After my parents bought a new car and gave me their old Buick LeSabre and I no longer needed to commute with the sisters we remained friends. In fact one of the other teachers at the school told me she didn’t trust me because I was friends with the sisters (one of whom was the head sister at the time).

Sisters Barbara and Margaret shared an apartment on the east side of Elgin. Sister Jane lived alone. Sister Jane was from a state farther west — Nebraska? One of the Dakotas? I don’t remember where Sister Barbara was from — maybe near Elgin? Sister Margaret was from Elgin, though. I knew that because one day I saw Sister Margaret’s photo among the photos of my mother’s classmates in her high school yearbook. I never told anyone but Sister Margaret that I saw the photo because because she was very secretive about her age.

Sister Margaret taught the younger students when I was at Bartlett Learning Center. She was so patient with them and they loved her. She was funny and kind and caring. I can actually still hear her voice in my head. She had brown short curly hair, twinkly eyes and a ready smile. In fact, the only time I saw her even slightly upset was when I told her that I saw her photograph in my mother’s yearbook.

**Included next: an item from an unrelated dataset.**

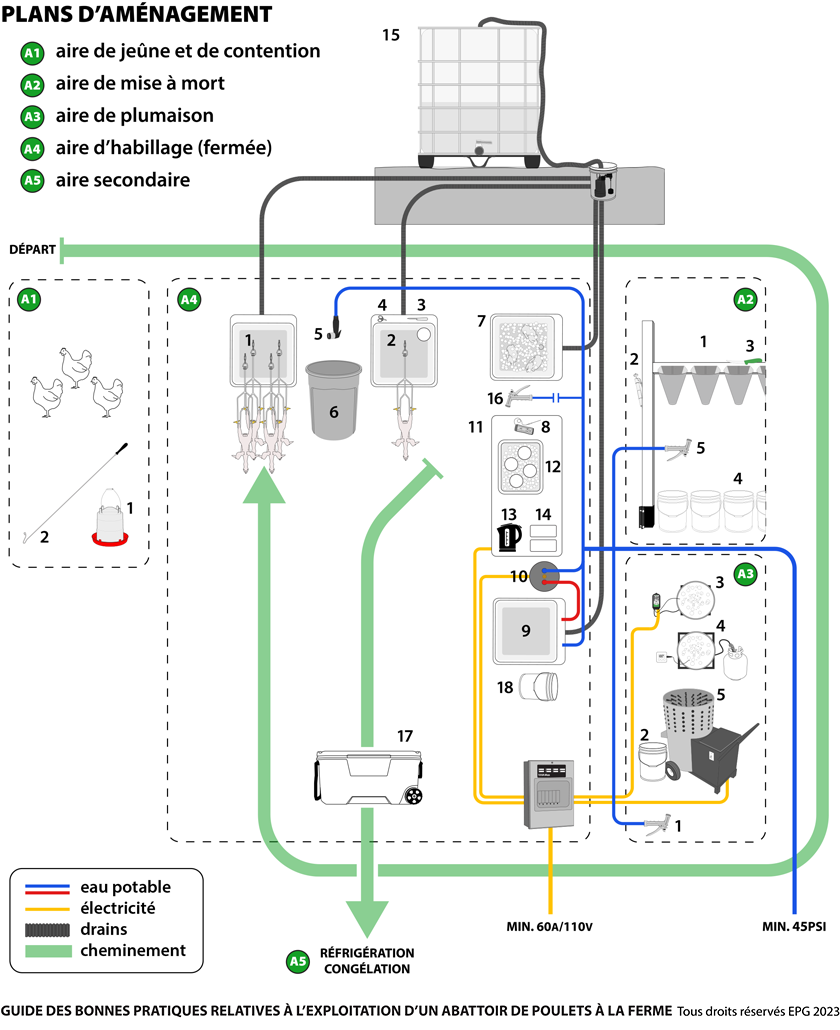 - Apporter la glacière de transport (A4) et la petite glacière à abattis (A4) dans l’aire secondaire (A5) et transférer les poulets et les abattis dans une unité de réfrigération;

When I read on Facebook that Sister Margaret died yesterday it brought back a flood of memories about my first two years as a teacher. About how I learned  so much about teaching from all the sisters. Sister Jane taught me classroom management skills, Sister Barbara taught me organizational skills and Sister Margaret probably taught me the most important lessons. She taught, by example how to be kind and patient and caring even when I wanted to scream at the students.

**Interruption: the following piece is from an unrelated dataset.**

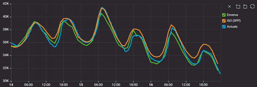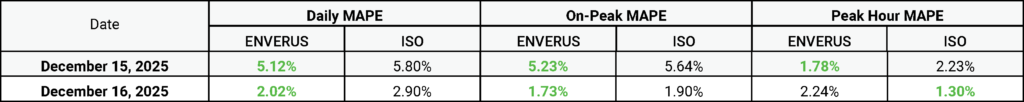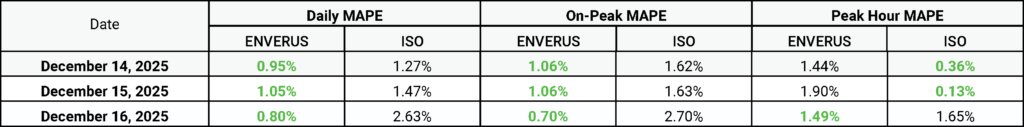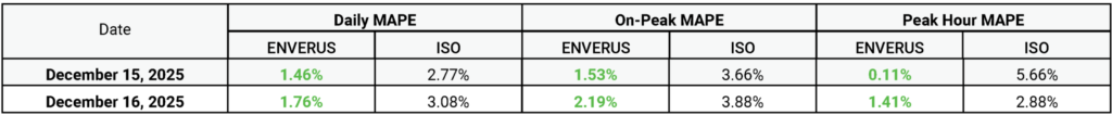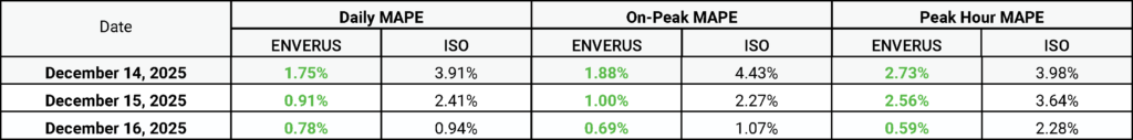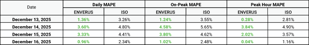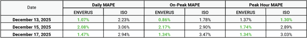 Notably, on Friday, Dec. 12, Enverus’ load forecast projected a Monday peak of roughly 133 GW—outpacing the ISO’s 126‑GW estimate and demonstrating more accurate peak‑load prediction three days in advance.

After I moved on from Bartlett Learning Center I kept in touch with the sisters for many years. After a while I lost touch with them but a mutual friend occasionally lets me know some information about these wonderful women.

These past 12 months have been a year of loss for me in so many ways. While I’d not talked to Sister Margaret for years, the world is that much worse because she is no longer in it. But she’s sitting at that table in the cafe in my mind’s picture of Heaven.